Now that Harper was officially on the team—as a consultant, though she thumbed her nose at the formality of it—she brought more than just grit and lock-picking. She knew the artifact inside and out. She could quote half a dozen forged provenance trails it had moved through.

And she recognized the false Aztec signature for what it was: a deliberate mislead. But more than that, she knew how the old network moved—how they manipulated, how they made threats disappear. She could feel it in the air. This wasn’t just another job. It was bait. And it had her ex-mentor’s fingerprints all over it.

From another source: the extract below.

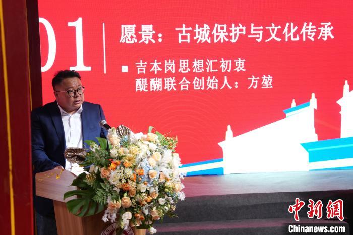 吉本崗藝術中心負責人方堃在活動中演講。記者 崔楠 攝
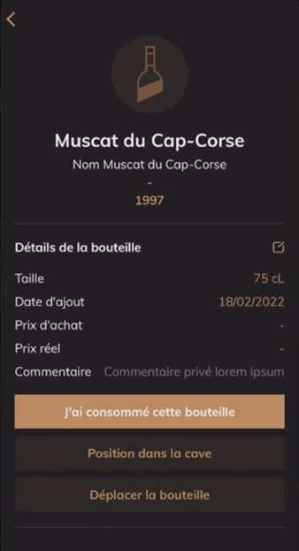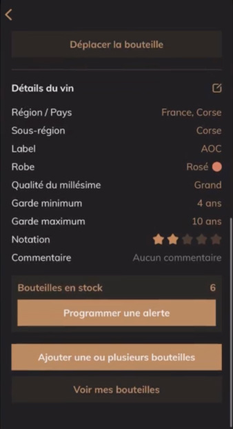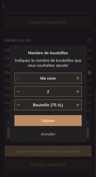 Pour retrouver la bouteille en question, appuyez sur « afficher dans ma cave » pour qu’un témoin lumineux s’allume dans votre cave physique et vous indique son emplacement exact.

She leaned over the table, her expression sharp as she tapped the grainy photo. Beneath the focus in her eyes, though, flickered something tighter—an unease that twisted low in her gut. The last time she’d seen something like this, it had ended in blood and betrayal.

She tamped the feeling down, hard, and masked it with a mischievous grin. But the sensation didn’t fade. Not with the artifact looking back at her like a warning. "You think this is real Aztec? The inlay looks too modern."

"It’s authentic," Reed said, eyes on the map overlay. "But altered. On purpose. Someone wanted to hide what it really does."